Price hikes, plus an expected drop in oil productionYemen’s 2005 draft budget irks opposition [Archives:2004/798/Business & Economy]

December 13 2004

Mahyoub Al-Kamaly
Price hikes as part of broader economic reform still hang over Yemen's economic picture for 2005. That glimpse into the state budget has aroused political differences and negative reactions from the opposition.
The reform aims at liftin the subsidiary used to support prices of oil products.
The draft budget estimates revenues at YR 761.8 billion, and spending at YR 836.4 billion, resulting in a 2005 deficit of YR 74.56 billion.
Opposition newspapers say the deficit is an indication of the failure of the government's economic policy, noting in particular that military spending is up at the expense of development and services projects.
Opposition sources have also criticized the appropriation of YR 144 as subsidies to oil products, against YR 136 billion for the year 2004.

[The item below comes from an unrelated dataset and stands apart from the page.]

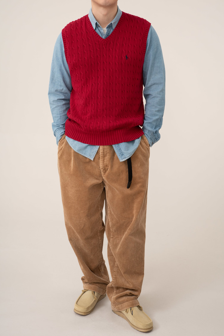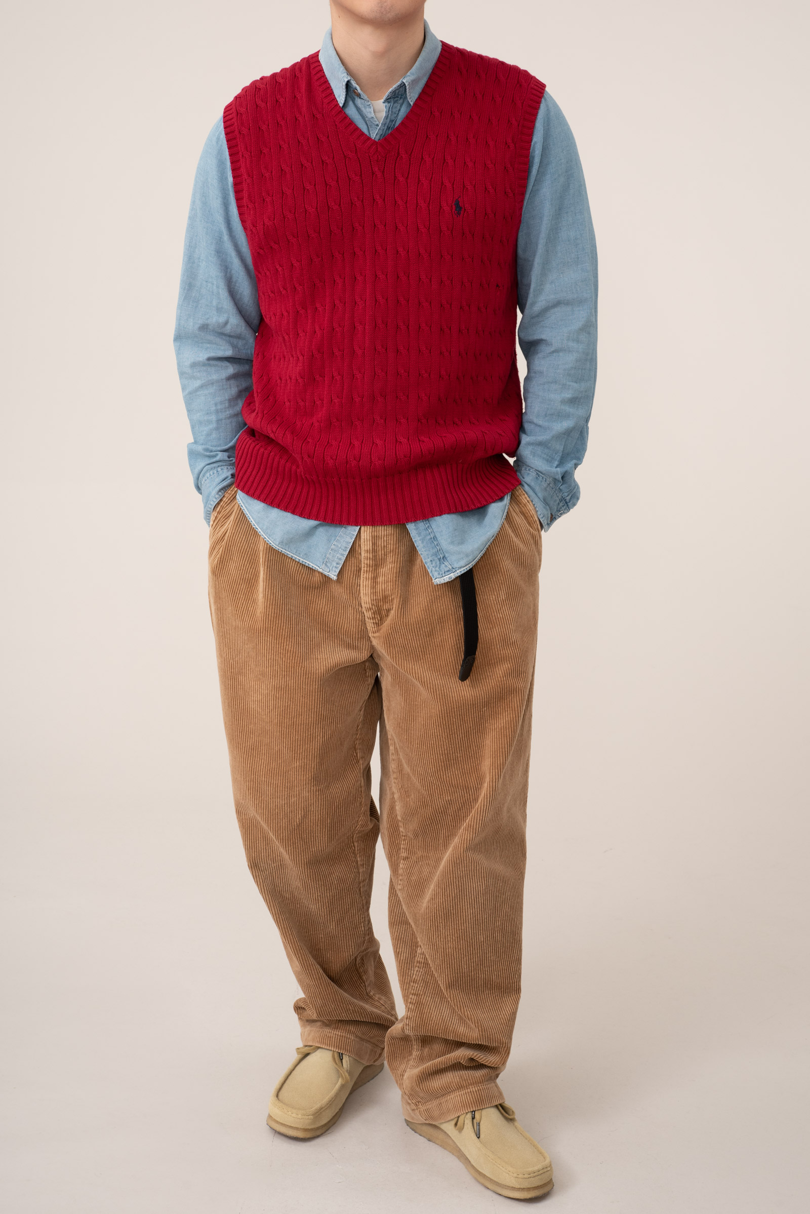 - 폴로 랄프로렌의 빨간색 코튼 브이넥 베스트입니다. 물빠짐과 사용감이 있으며 포니 로고 아래로 원단이 살짝 풀린 부분이 있습니다. 수선하여 발송하겠으나 티는 날거에요.

The opposition says the government intends to implement a new price hike that would affect people's life and herald of more social disasters, and raise in proposition of poverty, whereas the new year would be a year of more suffering for the ordinary people.
The 2005 draft budget draft has focused on:
– Increasing spending of local authority to an amount of YR 163 billion, compared to YR 137 billion in 2004,
– Developing and modernizing the educational system at a cost of YR 177 billion against YR 162 billion in 2004,
– Giving an addition YR 42 billion to the health sector, against YR 35 billion for 2004.
– Giving YR 196 billion for capitalist and investment expenditures and YR 37 billion as a contribution to capital of economic units.
The financial statement expects that Yemen's oil production will drop from 154 million barrels in 2004 to 144 million barrels in 2005.
It's believed the oil sector will see negative development while development rate in other sectors may reach at 4.1 per cent growth.